An artificial intelligence from Meta can recognize up to 4 thousand languages

Meta has created an artificial intelligence language modelthat can recognize more than 4,000 spoken languages ​​and produce audio in 1,100 of them.


Massively Multilingual Speech ( MMS ) is open source and is being supported by multiple scholars and stakeholders in this field to be developed and released worldwide.


For Meta , the MMS is “a small contribution to preserve the incredible linguistic diversity of the world.”

The AI ​​used an unconventional mechanism to collect audio data: leveraging religious texts.

“We use religious texts, such as the Bible, that have been translated into many different languages ​​and whose translations have been extensively studied for text-based language translation research,” the company said. “These translations have publicly available audio recordings of people reading these texts in different languages.”

This approach saved them thousands of hours of audio with transcription tags attached for machine learning.

The company claims that this training does not bias artificial intelligence. Meta calls this the connectionist temporal classification (CTC) approach.

and to talk

After recognizing and learning from these thousands of languages, Meta used wav2vec 2.0, the company’s “self-supervised speech representation learning” model, which can train on unlabeled data.
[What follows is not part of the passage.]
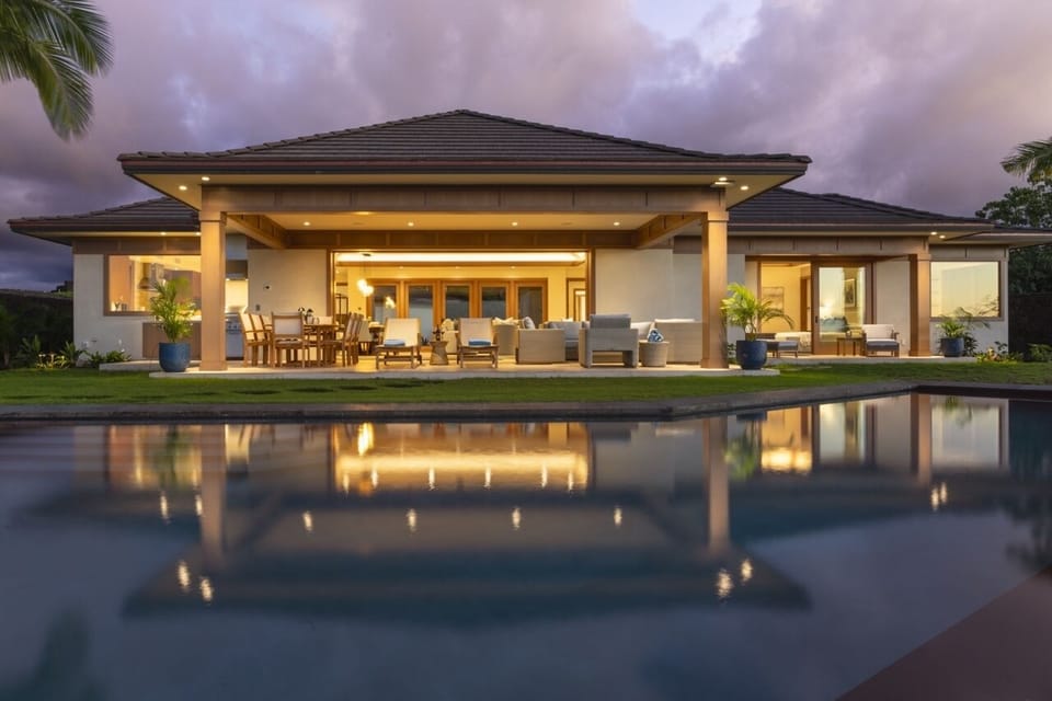 Discover island sophistication at 4BR Luxury Puka Pa Estate (1201), an architectural masterpiece within the exclusive Hualalai Resort in Kailua Kona, Hawai‘i. Built in 2024, this newly designed 3,640-square-foot home offers elegant indoor-outdoor living framed by ocean and golf course views, creating the perfect retreat for families or couples seeking refined comfort on Hawai‘i’s Kona-Kohala coast.

“Our results show that the Massively Multilingual Speech models perform well compared to existing models and cover 10 times more languages,” the company says, praising its few errors and greater breadth of languages.

“We envision a world where technology has the opposite effect, encouraging people to keep their languages ​​alive, since they can access information and use technology by speaking their preferred language,” concludes the company.